I currently got hold of the book "Handbook of MRI Pulse Sequences" and am looking into computing the duration, gradient strength and ramp times for the phase encoding gradient, readout prehasing and the slice prephasing gradients.

Now, every GE pulse sequence diagram that I look at, shows these gradients to be of the same duration i.e. they start and end at the same time during the sequence. Now, going through some of the calculations in the book for a scanner with some maximum gradient strength, slew rate, receiver BW, field of view and the k-space matrix size, I can compute the optimal gradient strengths and the durations for these gradients.

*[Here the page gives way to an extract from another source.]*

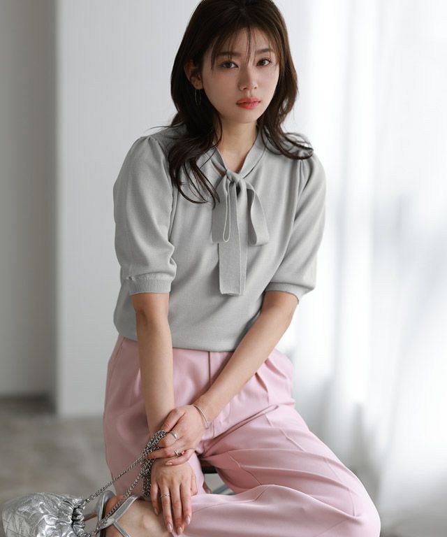 リボンがフェミニンなワンポイントになってくれるニット。インナーとしても着回しやすい一枚です。前後2wayで着用できるデザインなので、バックリボンにしてクルーネックで着用すると違った表情に。きれいめや上品なスタイルにおすすめです。

However, the optimal gradients are not the same duration. Does this mean I have made a mistake in my calculations or do they overlap these gradients in the pulse sequence diagrams for convenience?


1 Answer 1


The question is what optimal is. It is correct that very often certain gradients do have the same duration in sequence diagrams - and actual imaging sequences (e.g. slice rewinder, read-out prewinder, and phase-encoding gradient). Normally, you would compute the longest duration for these gradients and recalculate the others to be of the same length by stretching them in time and reducing their amplitude. This may have benefits, e.g. the peripheral nerve stimulation may be reduced, and also the noise that the MRI creates. Also it reduces the stress for the gradient coils, i.e. heating and vibration. Certainly it is not always the best idea to stretch all gradients: When the fall below a certain amplitude, there may be inaccuracies due to system imperfections. Also the parasitic diffusion weighting of the gradients may be an issue in certain applications.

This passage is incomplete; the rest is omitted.